(Photo: JHTV)

Tenacity, innovation and business savvy tend to go only so far when striving to commercialize early-stage research. Moving technology from lab to marketplace is more efficient with a collaborator who has complementary expertise.

The value of such a collaboration was on display on Nov. 2 as 100 researchers, scientists and innovation ecosystem builders streamed into Johns Hopkins Technology Ventures (JHTV) to hear Johnson & Johnson Innovation (JJI) discuss the many ways it accelerates innovation and facilitates collaborations between entrepreneurs and Johnson & Johnson’s global health care businesses.

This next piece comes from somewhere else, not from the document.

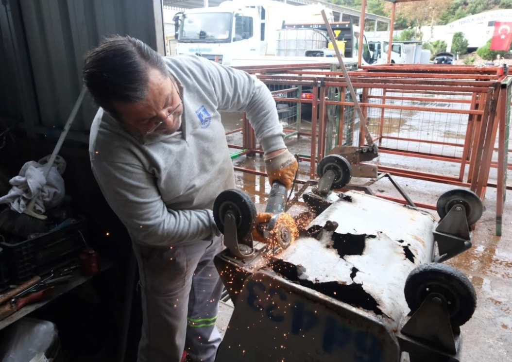 Bodrum Belediyesi, çevreye duyarlı belediyecilik anlayışı kapsamında sürdürülebilirlik ve geri dönüşüm faaliyetlerini yaygınlaştırmayı sürdürüyor.Temizlik İşleri Müdürlüğü’ne bağlı ekipler, hurdaya ayrılan malzemeleri yeniden değerlendiren çalışmalar yürütürken, kullanım ömrünü tamamlamak üzere olan araç ve gereçleri de onararak tekrar hizmete kazandırıyor.Konacık Mahallesi’ndeki Temizlik İşleri Müdürlüğü Kademesinde yapılan çalışmalar doğrultusunda, çeşitli nedenlerle kullanılamaz hâle gelen demirler ve çit telleri toplanarak çöp konteynerlerinin çevresine yerleştirilen yeşil çitli konteyner kafeslerine dönüştürülüyor.Bu uygulama sayesinde çevre düzeni iyileştirilirken kötü görüntülerin de önüne geçiliyor. 2025 yılı içerisinde 171 konteyner kafesi tamir edildi, 93 adet yeni kafes ise tamamen geri dönüşüm malzemelerinden üretildi.Pratik ve Verimli Çalışma İçin Özel Üretim Araçlar

The half-day event showcased JJI’s business development, venture investment, incubation and R&D resources — which they designed to more quickly move promising health care innovations to those who need them. They also discussed best practices for collaborating with Johnson & Johnson Innovation and held one-on-one meetings to discuss opportunities with select attendees after the presentation.

“Collaboration is such a crucial component to the commercialization of innovations,” says FastForward program manager Megan Wahler. “The many ways Johnson & Johnson Innovation supports early-stage researchers ensures more promising health care technologies make it to the marketplace where they can improve quality of life.”

The promising early-stage science being developed at Johns Hopkins, the University of Maryland and across the region was a key reason that JJI presented at JHTV, says Eric Schaeffer Johnson & Johnson’s Senior Director of Scientific Innovation and Neuroscience. JJI typically holds between five and 10 of these events each year in locations with major research universities and emerging biotech communities.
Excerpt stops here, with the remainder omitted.